Написала быстро: в дело пошли дневники, которые она вела, да и со стилем проблем не было – простой бесхитростный рассказ от первого лица, простыми недлинными фразами. Простые страхи и надежды: страх разъедающей зыбкости жизни вечного беглеца, надежда обрести вожделенную стабильность. Тоска иммигрантских лагерей. Неприкрытое восхищение новой родиной. Неприкрытое желание быть ее частью. Благодарность окружающим норвежцам, от преподавателей до работодателей, ни один из которых не обидел, не унизил, не сдал в полицию, хотя мог и даже был должен. Обида на норвежскую бюрократическую машину, для которой она, живой человек Мария, всего лишь абстрактный бумажный case.
Псевдоним она взяла претенциозный, да: Мария Амели. Но за этим, рассказывает она, личная драматическая история. Про сходство с героиней фильма Жёне сказал ей как-то хороший приятель. Который позже покончил с собой.
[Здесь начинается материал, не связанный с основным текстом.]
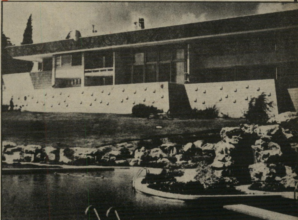
סלון גדול וקטן, חדרי-אוכל גדול וקטן, חמישה חדרי-שינה עם חדרי-אמבטיה צמודים, ובשעתו גם היתה לו בריכת-השחיה המחוממת הגדולה בארץ.

למרות שהיתה לי אומנת, לא היה שום ביכוח בבית. היו קונים לנו חולצות עם כפל, וכשגדלנו פתחו את התפר. עד עכשיו אני משוכנעת שבורגנים אמיתיים לא מבזבזים מי שמבזבז, אלה הנובורישים. הייתי מיפלצת איזמה, עם טמפר מנט בלתי-נסבל. למדתי נגינה על הפסנתר. לא הייתי מוכשרת. המורה דרשה, כשיעור אחד, לתרגל רק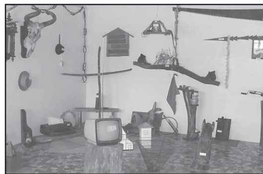
Acervo Cultural: objetos ligados ao nosso passado.

Manter esse Acervo Cultural significa entregar a essa geração marcada pela tecnologia, um passado vivo, de relações interpessoais saudáveis, de uma história vivida com dificuldade, mas de mui-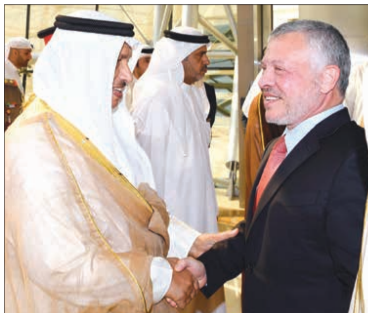
سمو الشيخ جابر المبارك مرحبا بملك الأردن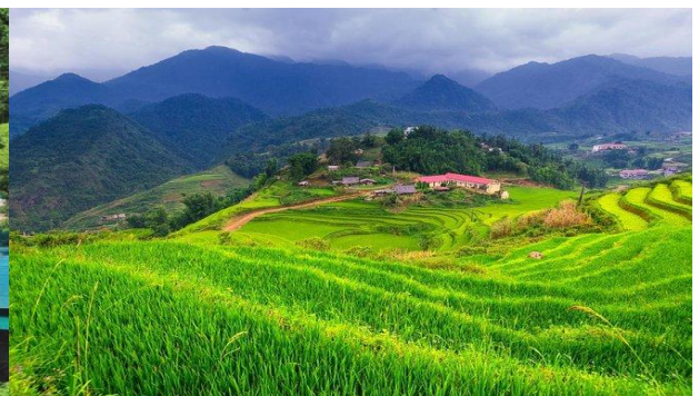
GO1CNXHAN-FD003 ไปเช้ากันเถอะ มินตรง..เวียดนามเหนือ ฮานอย ซาปา ..พิชิตยอดเขา..ฟานซีปัน 4 วัน 3 คืน (FD)

ชำระเงินผ่าน บริษัท ลูกหมู ทราเวล จำกัด เท่านั้น!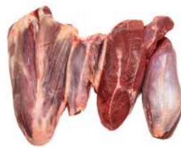
MÚSCULO DT R 8781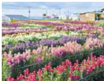
海に臨むお花畑は春らしい色でいっぱい!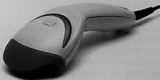
Rys. 74.2. Skaner ręczny

To typ skanera obsługiwany ręcznie, którego głowica jest przesuwana nad skanowanym dokumentem. Jest to niewygodna metoda skanowania – przy większych obszarach konieczne jest skanowanie po fragmencie oryginału. Obraz zeskanowany jest często nierówny i poszarpany, trudno też dopasować skanowane oddzielnie dokumenty. Skanery te mają jednak ogromną zaletę. Umożliwiają skanowanie powierzchni niedostępnych dla innych skanerów, np. wzoru na ścianie czy okleiny na meblach. Ich maksymalna rozdzielczość to zwykle 400 dpi.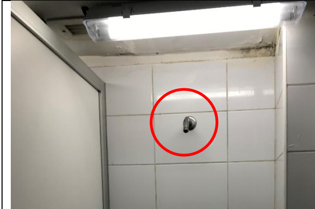
Fotografía N° 1. Ausencia de accesorio de ducha en baño damas (personal).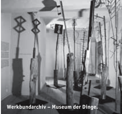
Werkbundarchiv – Museum der Dinge.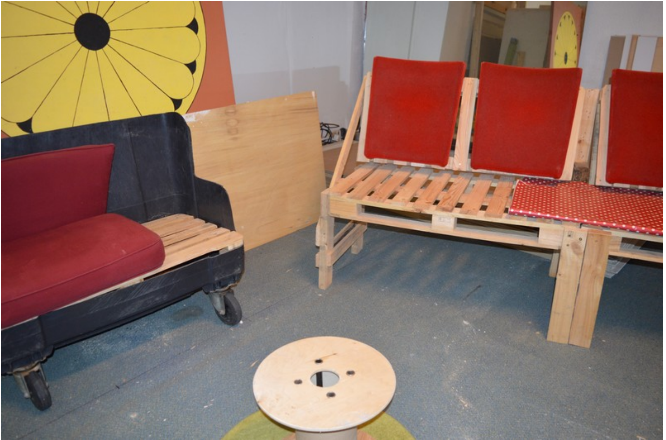
Les meubles sont à base de récup' ou comme ici, de palettes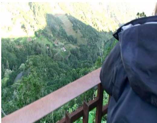
La Gomera. Vid rastplatsen 200 meter efter Mirador El Rejo, intill järnräcket, kunde vi se 10-talet duvor flyga och sitta i lagerskogen.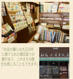
「お店の裏には大正元年に建てられた煉瓦造りの蔵があり、このまちの歴史を感じることもできます」

1879年創業の山形屋紙店は、手すき和紙や半紙、ちぎり絵用の和紙から、和紙で作られた封筒や便箋、ハガキに加え、アクセサリーなどの小物までが所狭しと並びます。若い方や外国の方も手に取ることが多いオリジナルで作られたハガキやポチ袋、アクセサリーは、種類もさまざま。紙によって風合いや色合い、手触りまでが違い、一度店内に入ると和紙の奥深さをよく知ることができます。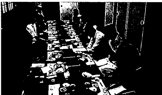
地区役員と青年部・女性部懇談会の様子

パートタイム労働法に関するお問い合わせは、福岡労働局雇用均等室（092-411-4894）まで ※「パート労働ポータルサイト」（ http://part-tanjikan.mhlw.go.jp ）もご参照ください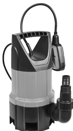
Serie AS 7993 X 412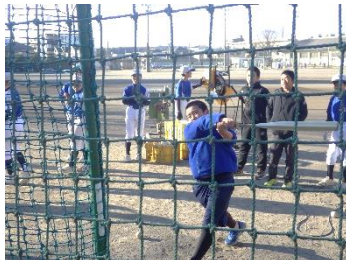
興味のある部活動を見学中、野球部の体験がありました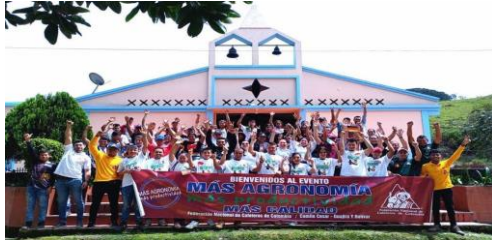
Santa Rosa del Sur - Bolívar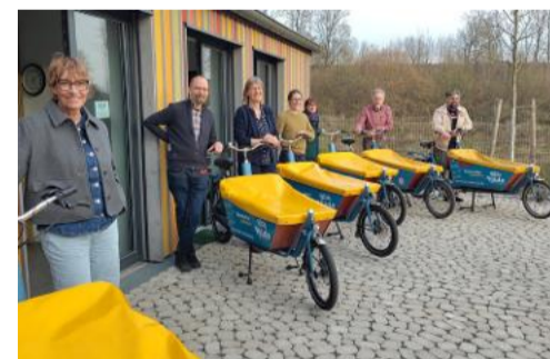
„Hilde-Familientreffen“: Viele Pat*innen der Hilde-Lastenfahrräder waren als Träger*innen des VCD-Preises „Spurwechsel“ angereist

„Spurwechsel“ heißt der „Fairkehrs-Preis“, mit dem der Verkehrsclub Deutschland (VCD) bereits seit 2022 Einzelpersonen, Gruppen oder Organisationen auszeichnet, die einen wirksamen Beitrag für nachhaltige Mobilität im Landkreis Hildesheim geleistet haben. In diesem Jahr ging der Preis an die derzeit 19 Ausleihstationen, die die „Hilde Lastenfahrräder“ in Stadt und Landkreis Hildesheim betreiben.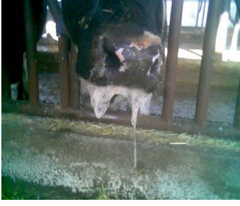
İlk etapda aşırı sicim tarzında salya görünümü( Şentürk S)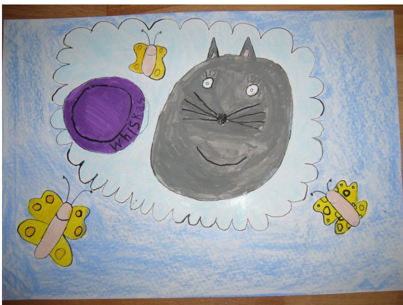
Kresby dětí ze školy k akci Pomáhejme pejskům a kočičkám v útulcích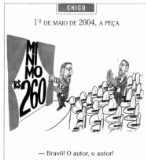
(Folha de São Paulo, 25/04/2004)

As imagens acima nos remetem a diferentes momentos históricos das celebrações do 1º de maio no Brasil. Assim como no Estado Novo e nos dias de hoje, desde o início do século passado, o trabalho tem sido alvo de atenção. No período da República Velha, a instituição responsável pela mediação da relação capital-trabalho e sua respectiva base jurídica eram: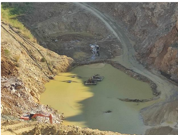
รูปที่ 2-18 บ่อรับน้ำบริเวณพื้นที่ต่ำสุดของบ่อเหมือง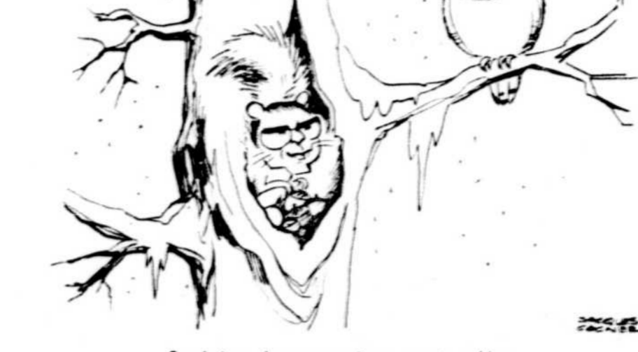
Saulnier: les annexions sont gelées... Drapeau: ... mais on économise sur la neige!

Cette précision paraît d'autant plus nécessaire que le leader de l'opposition au Con-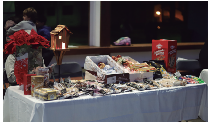
Gabonetan mahaia gozoz betetzeko aukera.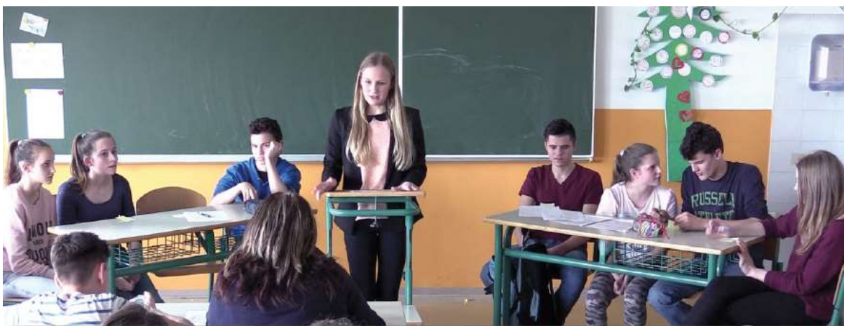
Debata na téma Slova mají obrovskou sílu, 8. A 9. třída, Základní škola Smihel

Diskuse je činnost, která je charakterizována hašteřivou a organizovanou výměnou názorů dvou protichůdných týmů. Každá rozprava probíhá v souladu s určitými pravidly. Diskutující dostanou tvrzení, o kterém diskutují. Pak diskutující zkoumají dané téma diskuze a shromažďují argumenty a podpůrná fakta pro tyto argumenty. Ve škole se může diskuse provádět v rámci hodiny jako motivace pro určitou činnost nebo jako soutěž. Diskuse je příležitostí pro studenty získat rétorické dovednosti, cvičit se v rychlém myšlení, dobrém poslechu a rychlém utváření myšlenek. Tyto dovednosti jsou velmi důležité, protože žáci musí odmítnout prohlášení oponenta. Diskuse navíc učí, aby byli zodpovědnými řečníky, protože nemohou používat prázdné fráze a nepodložené argumenty.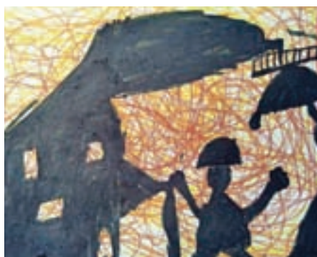
Gaber 3. c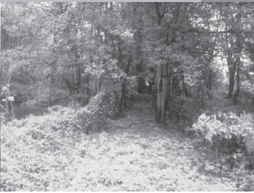
Binnenkort opnieuw open voor wandelaars: het oude pad naar de Vlasblekerij

straat. Enkele bewoners van de Kwakstraat hebben een proces ingespannen om de aanleg van dit pad te verhinderen. Het is de bedoeling dat wandelaars een aangename route kunnen kiezen langs een knuppelpad doorheen meersen en moerasbosjes, zonder dat ze daarvoor doorheen de bebouwde Kerkstraat moeten lopen. Jammer dat men er niet in geslaagd is een compromis te bereiken met de bewoners van de Meersstraat, want het herstel van dit wandelpad is ons inziens perfect verenigbaar met de rust waarop de buurtbewoners uiteraard gesteld zijn. Trouwens, ook een natuurreservaat heeft nood aan voldoende rust.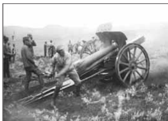
U 12 cm houfnice čsl. legionářů před sibiřským Krasnojarskem, 1919.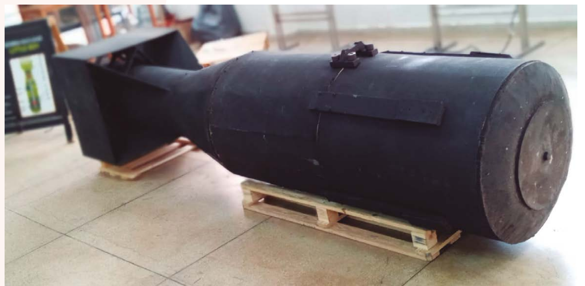
Réplica da Little Boy, bomba atômica lançada pelos EUA sobre Hiroshima, no Japão, em 6 de agosto de 1945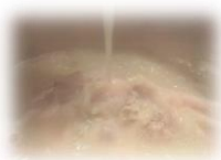
• 鸡汤 280 円 好吃的根本停不下来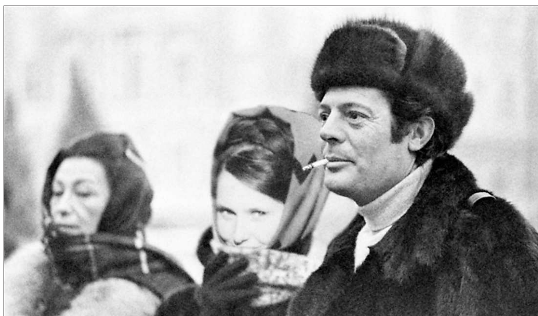
Забывтые в недрах памяти и старых фотоальбомах кадры обрели на выставке новую жизнь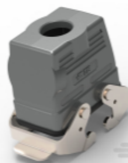
TE 产品编号 T1710102116-000 H10B-TBF-PG16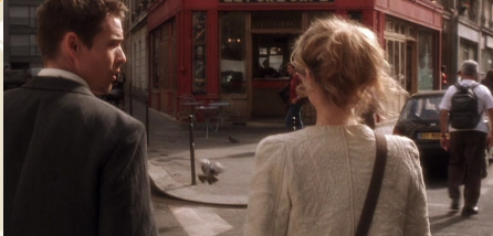
Le Pure Café, 14 rue Jean Macé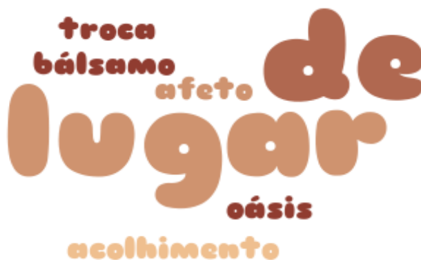
Figura 24 – Nuvem de palavras.

Como o Movimento de Policiais Antifascismo é visto pelos membros?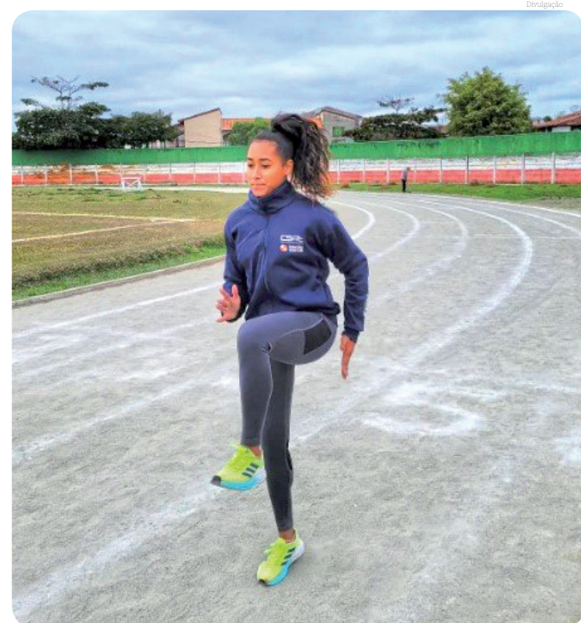
A atleta conta com o apoio do Exército e da Semelp de Pinda

Контракт с издательством «Pax Forlag» был подписан быстро – возможно, еще и потому, что издатели по договору не платили безвестной нелегалке аванса (правда, потом подарили компьютер). Книга под названием «Ulovlig Norsk» («Незаконная норвежка») вышла к осени 2010-го. И вдруг оказалась чертовски успешна. История осетинской Золушки, которой холодная буква закона не дает быть простой трудящейся норвежской принцессой, прошла на ура – она попала в топ продаж, тираж допечатывали несколько раз (а в феврале-2011, судя по сайту издательства, допечатывают опять – ясное дело). Мария Амели стала знаменитостью. У нее брали интервью титульные газеты, про нее говорили по ТВ. Ее стали звать на выступления по всей стране. Популярный левый журнал «Ny Tid», закрепляя успех, выбрал ее «норвежкой года». Еще за пару дней до выхода книги она подала заявление на получение вида на жительство – первое самостоятельное в своей жизни. Все ее друзья, вспоминает она, не сомневались в успехе, не сомневался и адвокат – «ну просто потому, что это Норвегия!». Тогда же, осенью, Мария встретила Эйвинда – на каком-то окололитературном семинаре, где все пришедшие читали отрывки из дневников. Мария читала из собственной книжки. Эйвинду понравилось прочитанное, а про книжку он ничего не знал. Как же так, удивилась Мария, ты ведь работаешь в медиа? – а он просто не был в Норвегии всё то время, за которое оформилась ее литературная известность.